* _What is needed_
Return the lines of the material below exactly, beginning with the line that has "The leafy vistas" in it and finishing with the line that has "资金流向方面,深证F200(399703" in it. Leave all pictures aside.
____
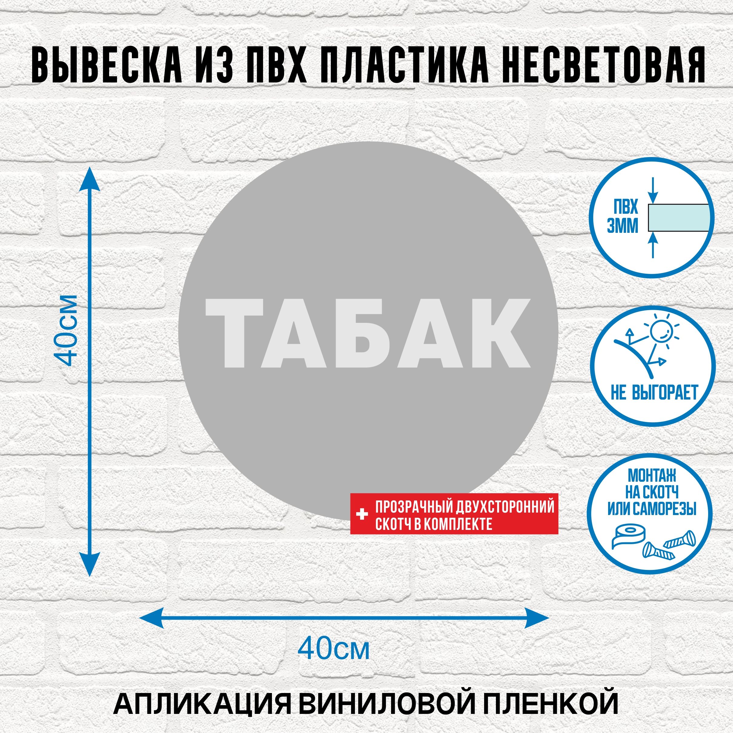 Вывеска несветовая круглая из ПВХ пластика "Табак", для магазина табака и vape
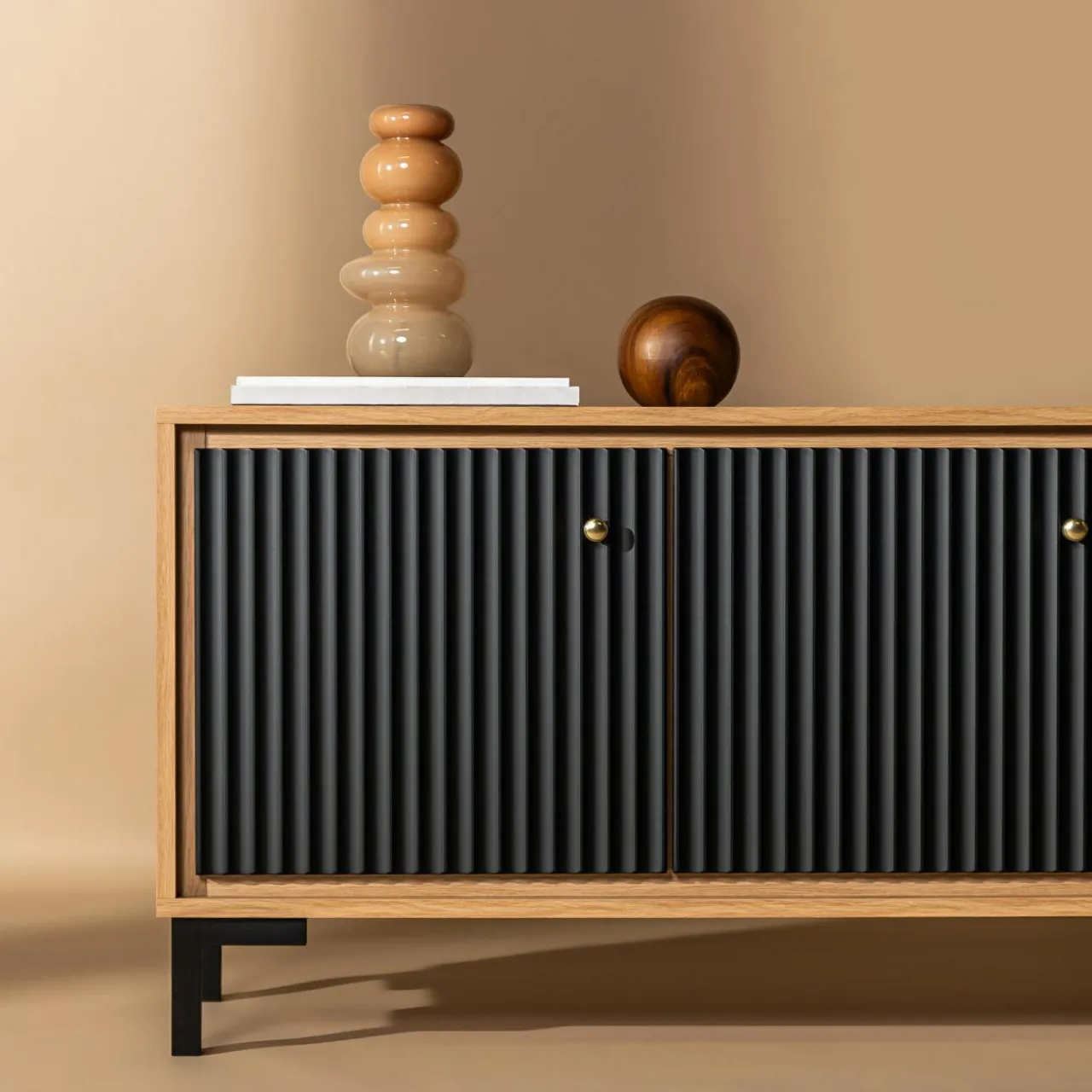 Fronty do komody wysokiej PARII zachwycają ryflowaną powierzchnią i matowym wykończeniem. Sprawią, że pomieszczenie nabiera minimalistycznego charakteru z nutką klimatu japandi.
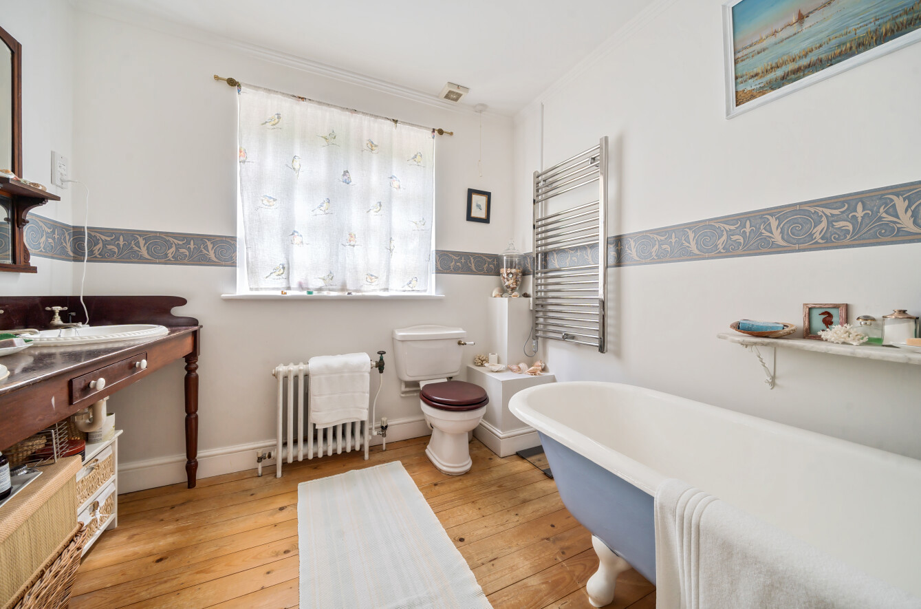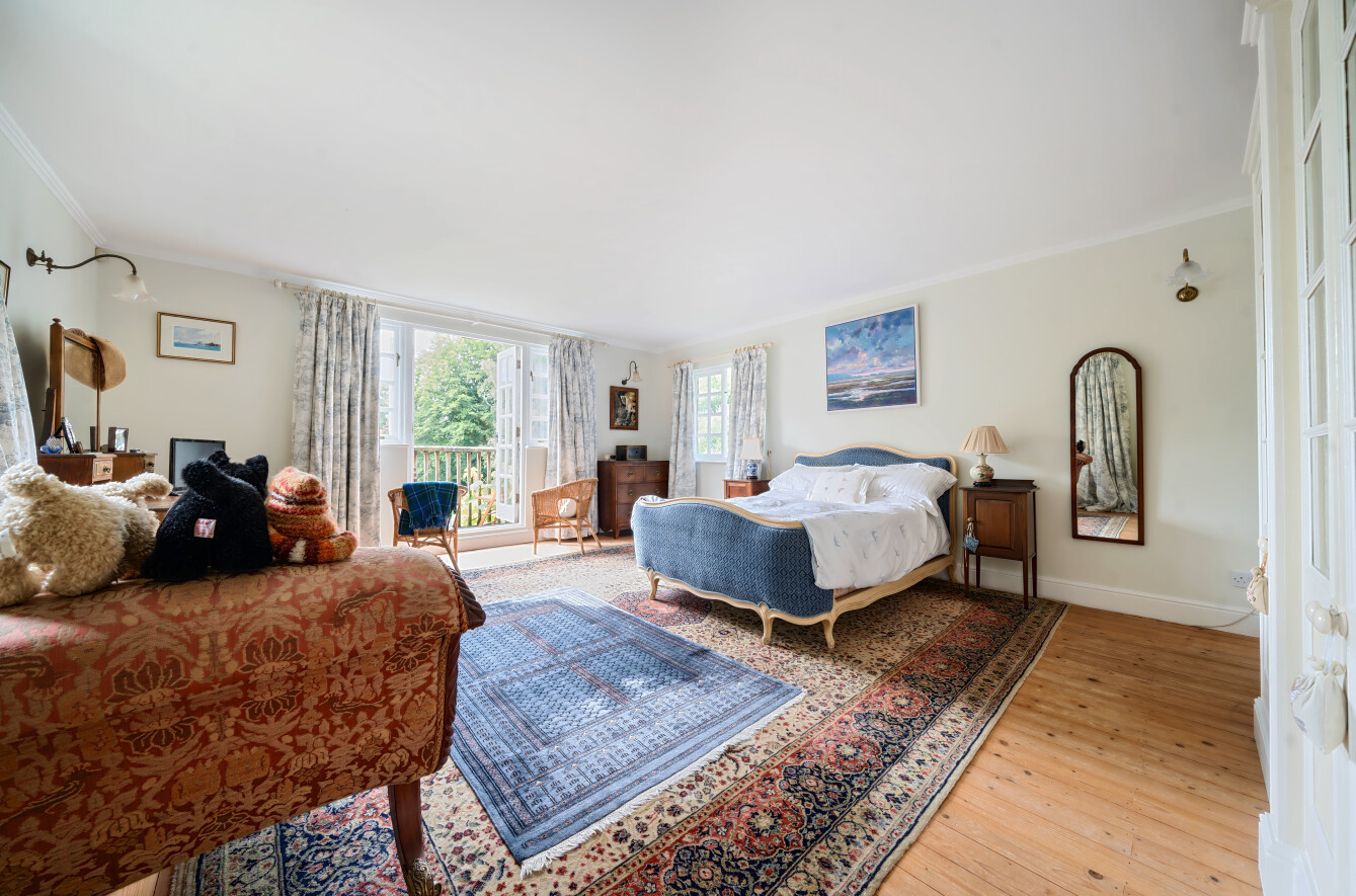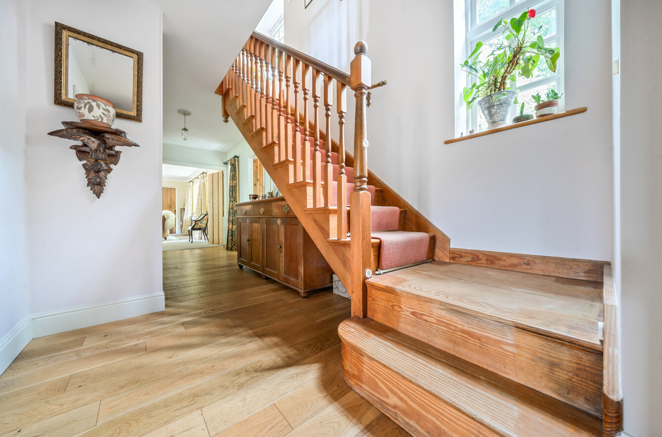 The leafy vistas continue upstairs where a light principal bedroom suite stretches out across the full width of the house and with its private balcony overlooking the grounds creates a calming retreat. Fitted wardrobes provide plenty of storage and a notable ensuite. Along the hallway three additional double bedrooms all with built in wardrobes, one with its own ensuite shower room, while the others share a modern family bathroom.
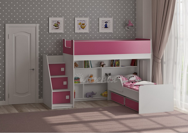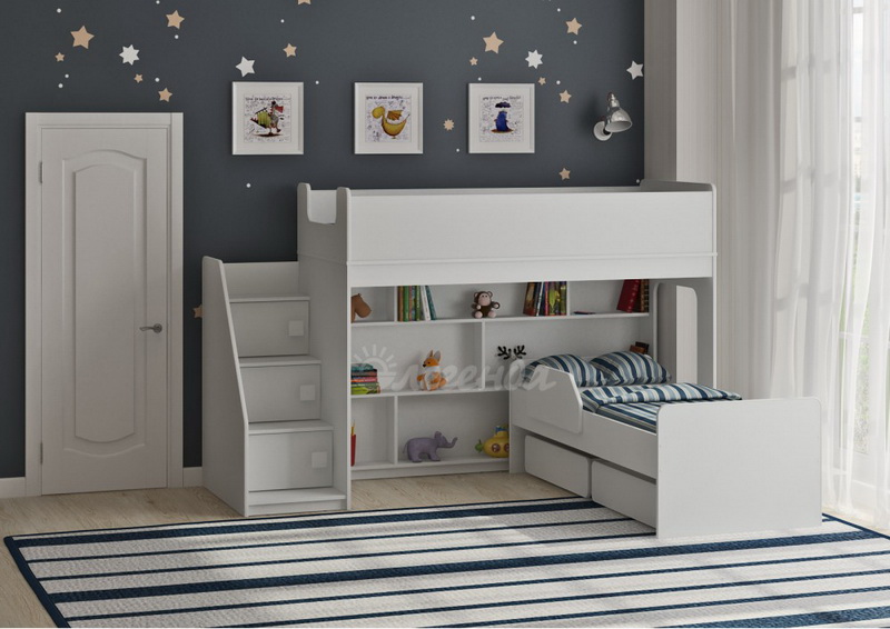 Двухъярусная кровать двумя перпендикулярными спальными местами - 1750х750 и 1600х700 ммВысота кровати – всего 1405 мм. Удобно - взрослый может заправить кровать, не забираясь на второй ярус.
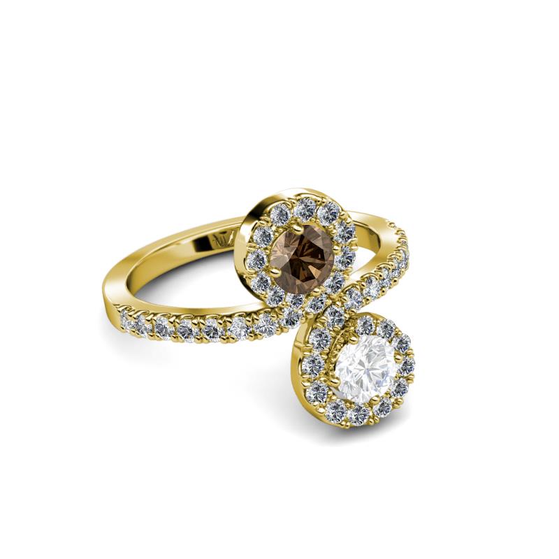 White Sapphire and Smoky Quartz 2 Stone with Side Diamonds Womens Bypass Engagement Ring 1.20 ctw 14K Yellow Gold More Details ...
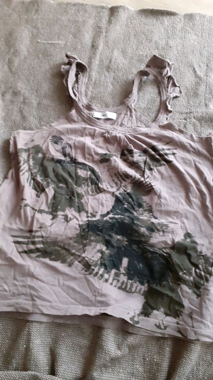 Débardeur marron clair avec bretelle en froufrou et motif d'oiseaux s'envolant . Taille 4. Taille 42-44
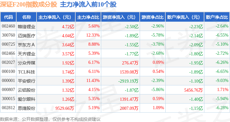 资金流向方面,深证F200(399703)指数成份股当日主力资金净流出合计232.0亿元,游资资金净流入合计56.8亿元,散户资金净流入合计175.2亿元。成份股资金流向详情见下表:
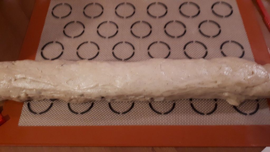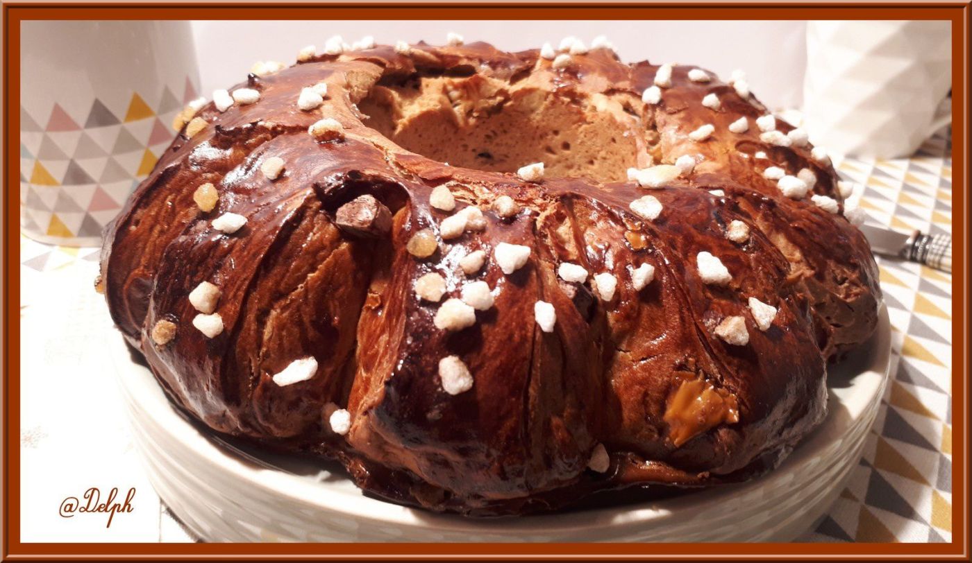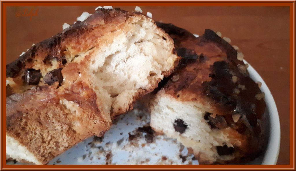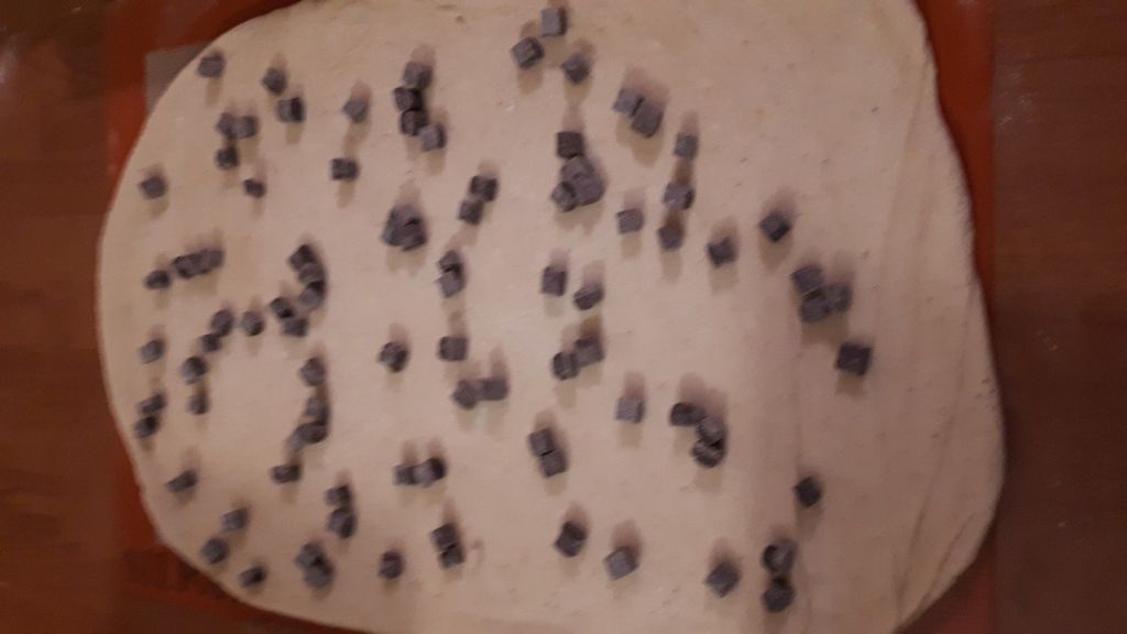 - Aplatir la pâte en rectangle et parsemer la de pépites de chocolat. Rouler la pâte en boudin long et faire un anneau que vous fermerez.
____
* _Problem solution_
 The leafy vistas continue upstairs where a light principal bedroom suite stretches out across the full width of the house and with its private balcony overlooking the grounds creates a calming retreat. Fitted wardrobes provide plenty of storage and a notable ensuite. Along the hallway three additional double bedrooms all with built in wardrobes, one with its own ensuite shower room, while the others share a modern family bathroom.
 Двухъярусная кровать двумя перпендикулярными спальными местами - 1750х750 и 1600х700 ммВысота кровати – всего 1405 мм. Удобно - взрослый может заправить кровать, не забираясь на второй ярус.
 White Sapphire and Smoky Quartz 2 Stone with Side Diamonds Womens Bypass Engagement Ring 1.20 ctw 14K Yellow Gold More Details ...
 Débardeur marron clair avec bretelle en froufrou et motif d'oiseaux s'envolant . Taille 4. Taille 42-44
 资金流向方面,深证F200(399703)指数成份股当日主力资金净流出合计232.0亿元,游资资金净流入合计56.8亿元,散户资金净流入合计175.2亿元。成份股资金流向详情见下表:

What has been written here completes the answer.